• Brief: Copy out the listing that follows, exact in every word, and skip the images.

(Beginning of Data section)

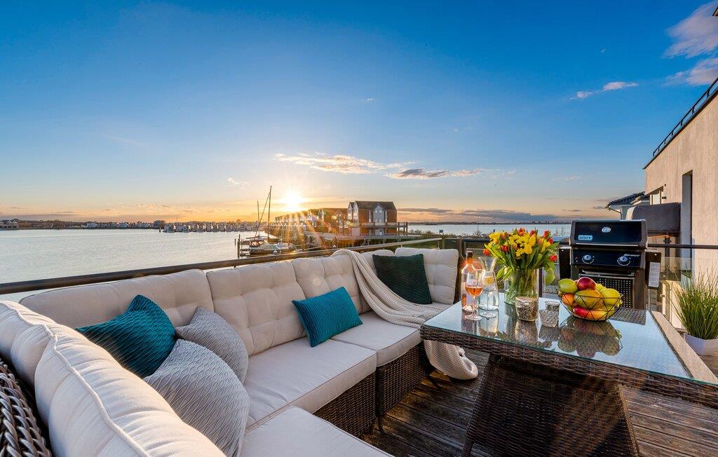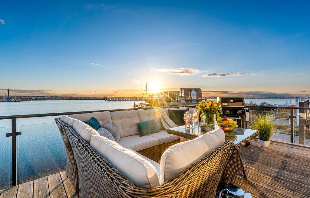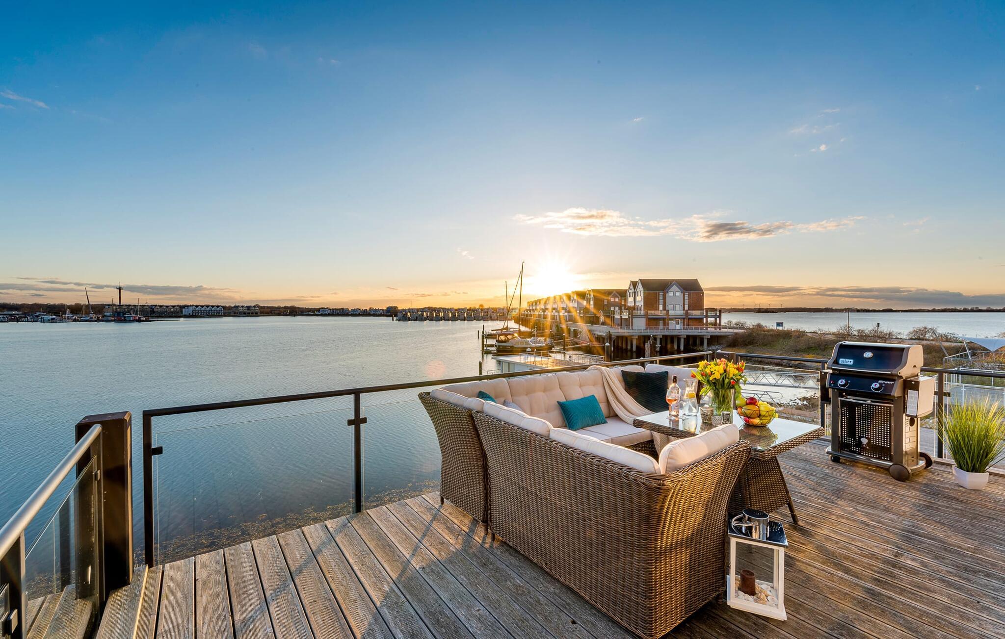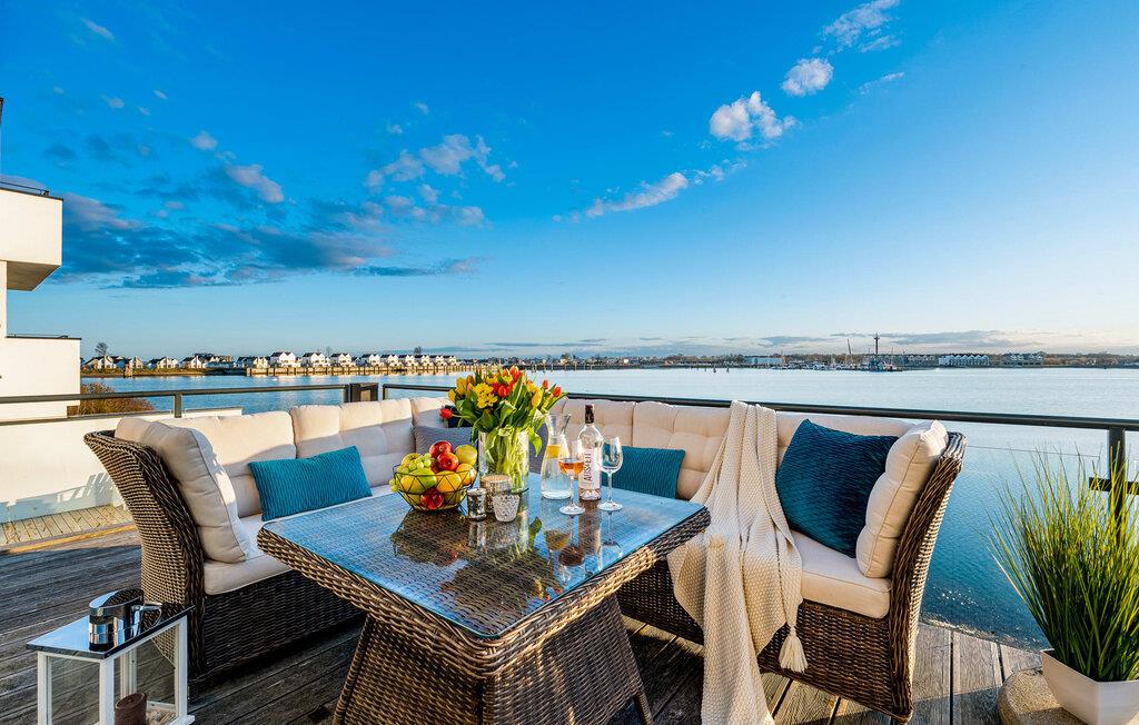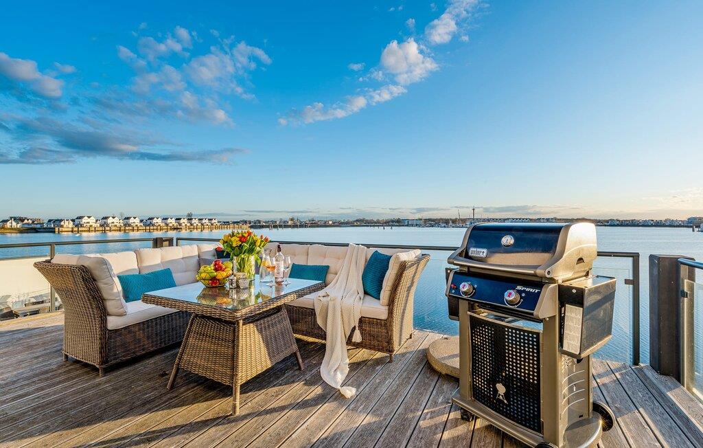 Unser Lieblingsplatz: auf dem großen Balkon bei einem Grillabend das muntere Treiben im Hafen oder den Sonnenuntergang über der Schlei genießen.
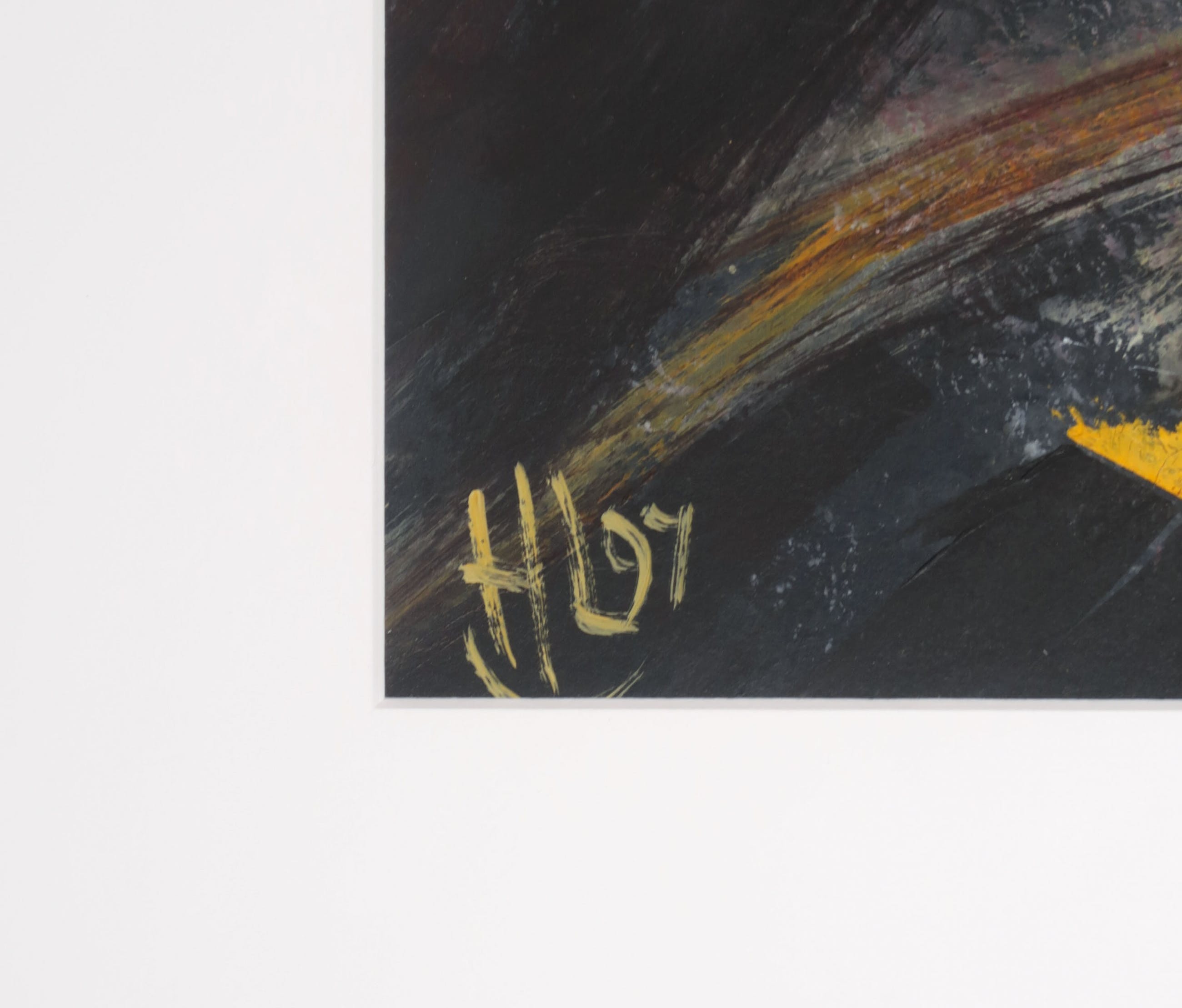 Het werk is bevestigd in een passe-partout. De afmetingen van het passe-partout zijn: 85 x 67,5 cm
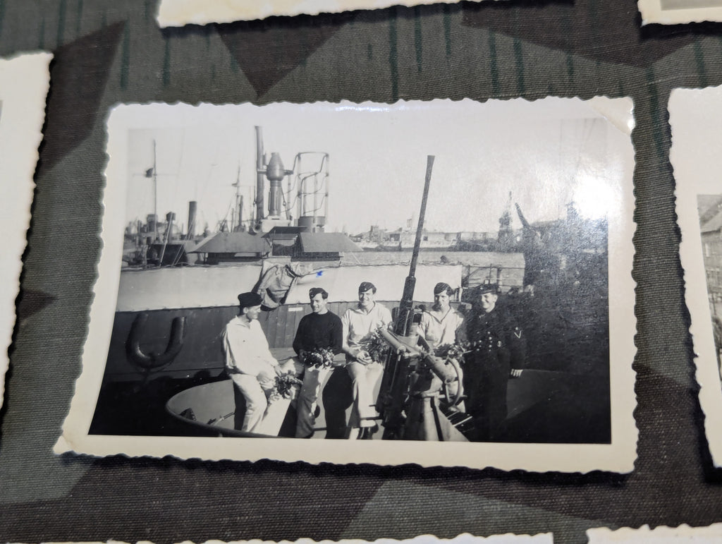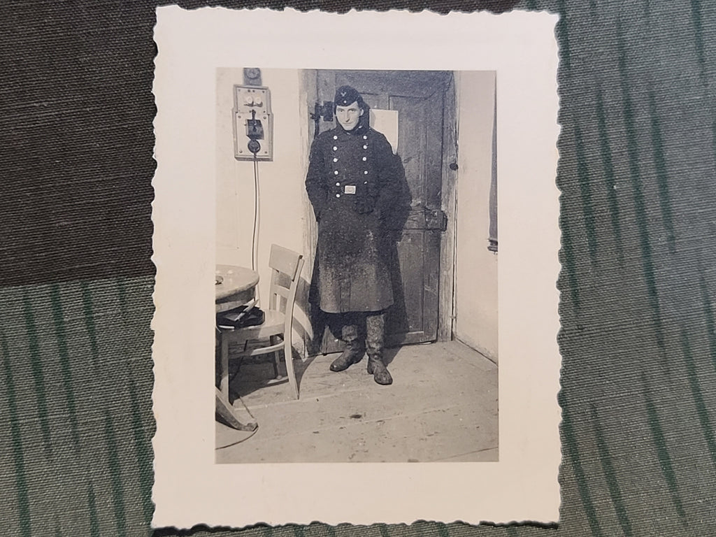 Lot of 7 photos from the same soldier. Five have writing on the back and are dated 1939-1940. Arbietsdienst and one in Versailles. One photos shows a lot of wear, one photo has some wear in a corner and the others are in good condition. Small blue pen mark on one photo, perhaps indicting who these pictures belonged to.
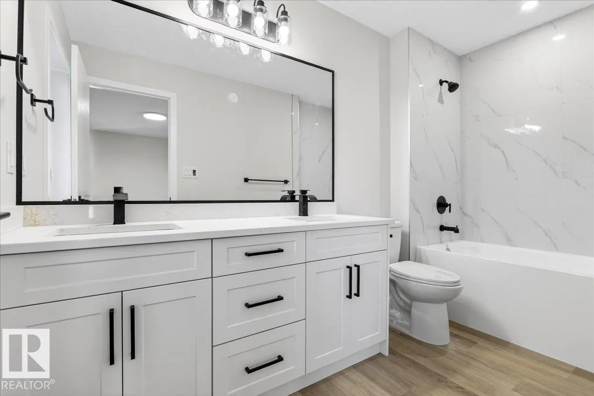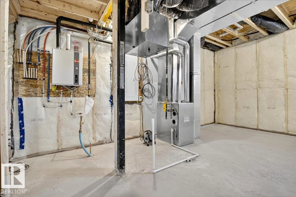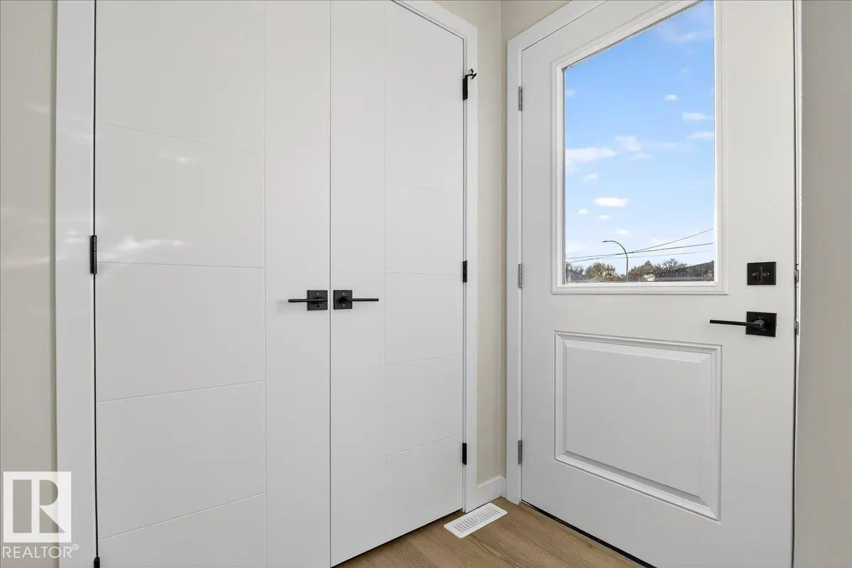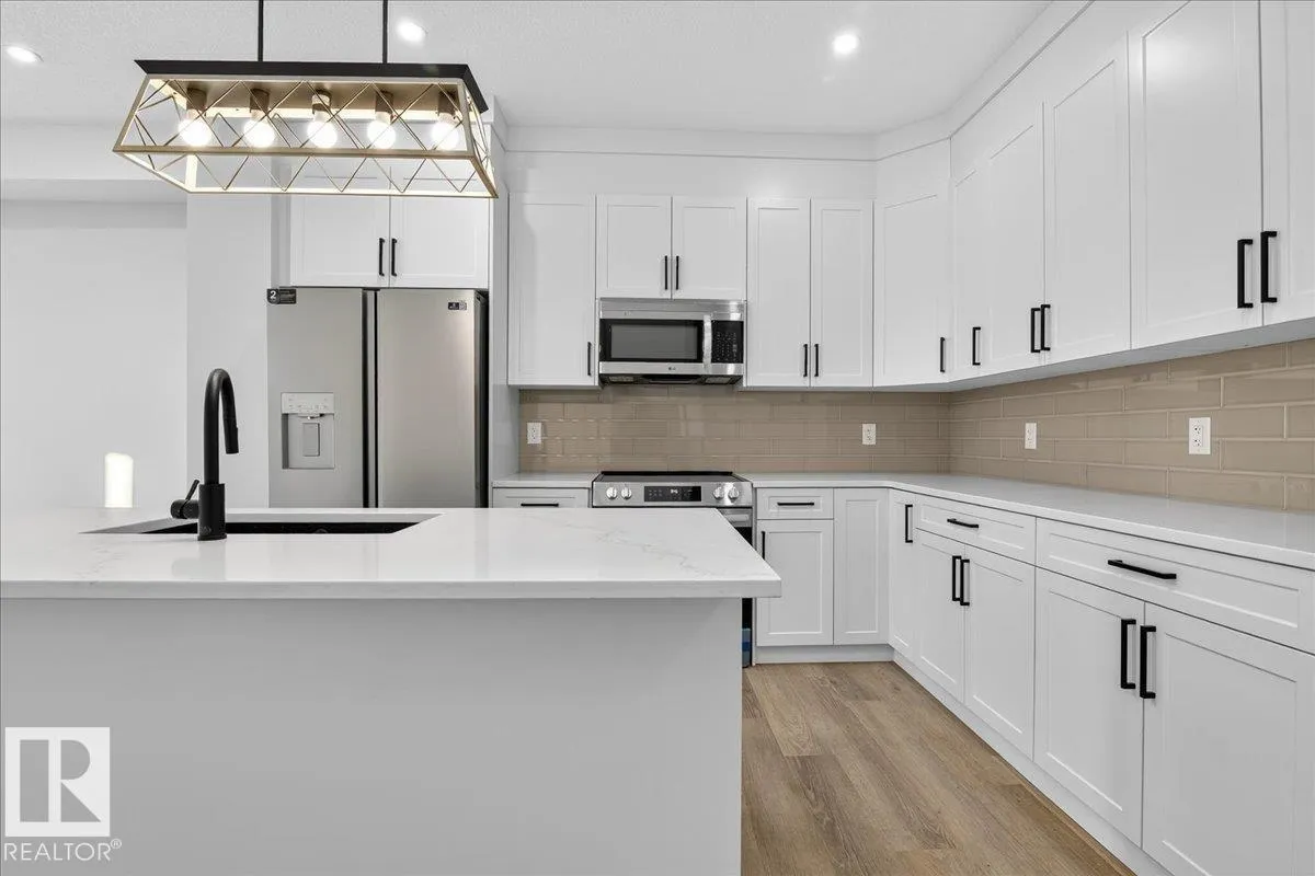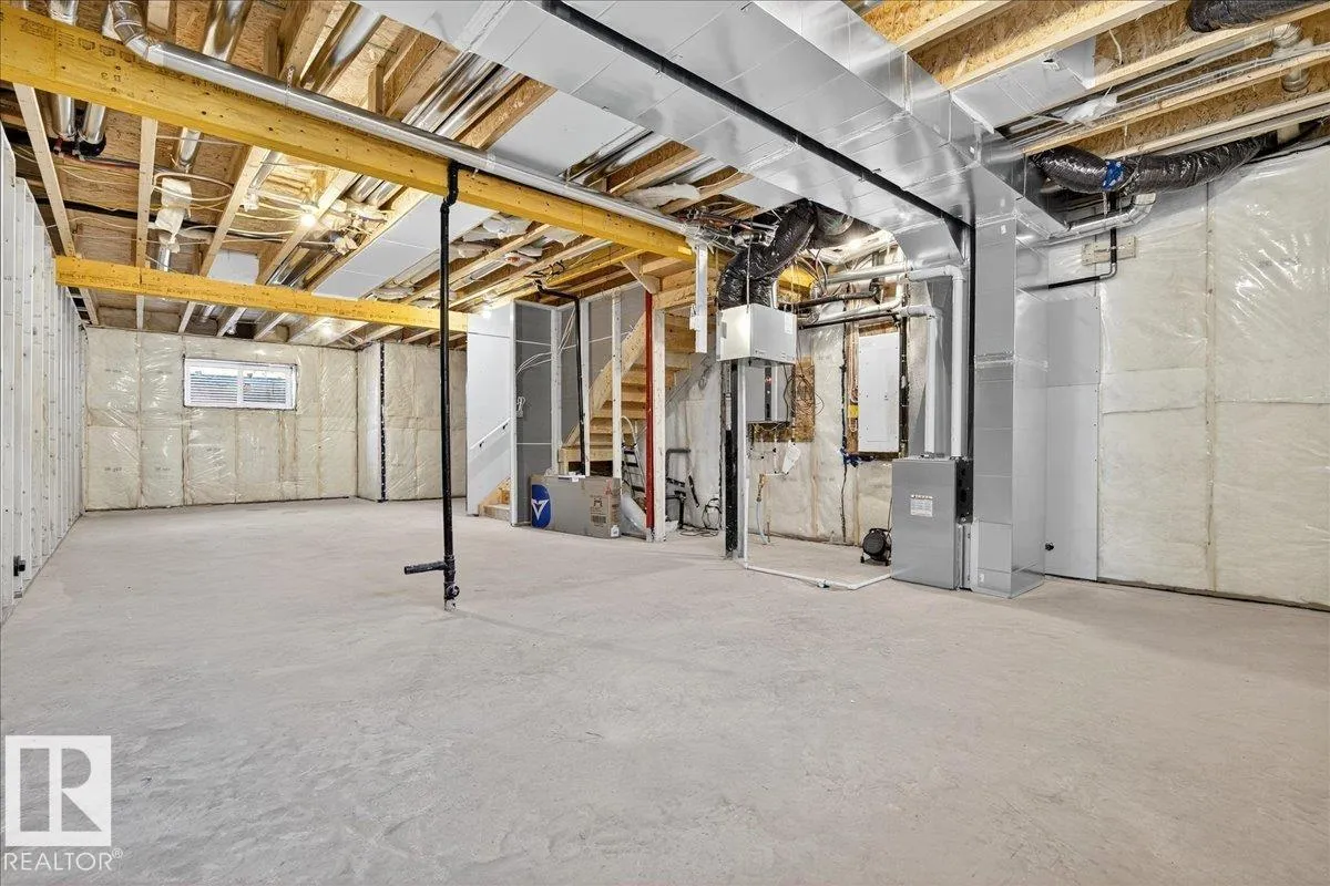 Step inside this well-designed half duplex featuring a bright, open-concept main floor filled with warm natural light from oversized windows. The spacious living room flows seamlessly into the dining area and a modern kitchen with granite countertops, ideal for both daily living and entertaining. A main-floor office offers flexible work or study space, complemented by a convenient 3-piece bath. Upstairs offers 3 generous bedrooms, including a beautiful primary suite with a relaxing 5-piece ensuite, plus an additional full bath and upper-level laundry for added comfort. With 9-ft ceilings and a grand above-ground entrance, the home feels open and sophisticated. Enjoy peaceful views of Dr. Anne Anderson Park directly across the street, along with a separate side entrance providing excellent potential for future basement development. Ideally located close to shopping with quick access to Downtown Edmonton. (2 photos are virtually staged) (id:27476)

(End of Data section)

• Answer area:
 Unser Lieblingsplatz: auf dem großen Balkon bei einem Grillabend das muntere Treiben im Hafen oder den Sonnenuntergang über der Schlei genießen.
 Het werk is bevestigd in een passe-partout. De afmetingen van het passe-partout zijn: 85 x 67,5 cm
 Lot of 7 photos from the same soldier. Five have writing on the back and are dated 1939-1940. Arbietsdienst and one in Versailles. One photos shows a lot of wear, one photo has some wear in a corner and the others are in good condition. Small blue pen mark on one photo, perhaps indicting who these pictures belonged to.
 Step inside this well-designed half duplex featuring a bright, open-concept main floor filled with warm natural light from oversized windows. The spacious living room flows seamlessly into the dining area and a modern kitchen with granite countertops, ideal for both daily living and entertaining. A main-floor office offers flexible work or study space, complemented by a convenient 3-piece bath. Upstairs offers 3 generous bedrooms, including a beautiful primary suite with a relaxing 5-piece ensuite, plus an additional full bath and upper-level laundry for added comfort. With 9-ft ceilings and a grand above-ground entrance, the home feels open and sophisticated. Enjoy peaceful views of Dr. Anne Anderson Park directly across the street, along with a separate side entrance providing excellent potential for future basement development. Ideally located close to shopping with quick access to Downtown Edmonton. (2 photos are virtually staged) (id:27476)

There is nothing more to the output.